Las eternas palabras del tres veces grande Trismegisto,retumban en los ecos del Universo,cumplièndose lo que pasa en lo grande como en lo pequeño.
 
Asì conquistar a una mujer requiere màs que insulsas palabras,tal vez tiempo, paciencia,cosas materiales, etc.,etc.,o tal vez solo apertrecharse de lo màs simple como una bella flor como secreto y llave que abra las puertas de su corazòn.
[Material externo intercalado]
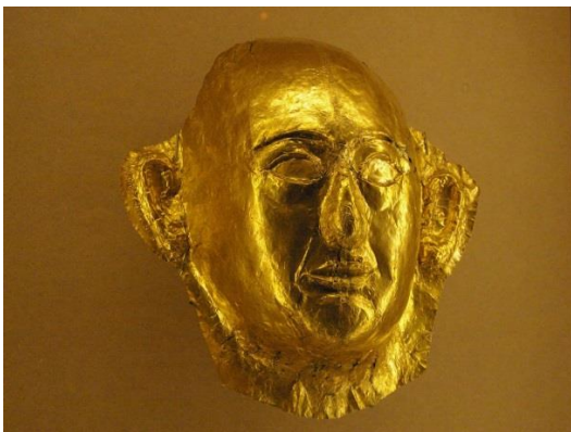
Jewel from the prince Khaemwaset grave

Asì sucede en lo grande , en lo visible,igual le sucede en lo pequeño a los conquistadores de la vida…….
 
Sea en las nocturnas horas,
o en las diàfanas mañanas
o en las misteriosas tardes bellas,
un tropel de movimientos inicia
el proceso de una conquista.
 
Miles millones de seres varoniles,
con la frente erguida pasando van
por oscuros tùneles que parecen condecoraciònes
de abismos.
Son los conquistadores de la vida.
 
Todos autòctonos y salvajes,
pero con un alma y un latido
que a sus pasos,el silencio y la soledad
no se atreven a ponerle frente,
son los hacedores de la vida.
 
Dura es esta vida,
tràgica es producirla
en el camino mueren millones de conquistadores.
Està escrito que solo uno serà el elegido.
 
Asì como en el macro,
en el micro es igual,
la mujer acepta a quien
le ofrezca el poder y la protecciòn.
 
En el micro,la lìrica dama del amor (òvulo),
acepta solo a un conquistador (espermatozoide)
que le ofrece la perduraciòn de la vida.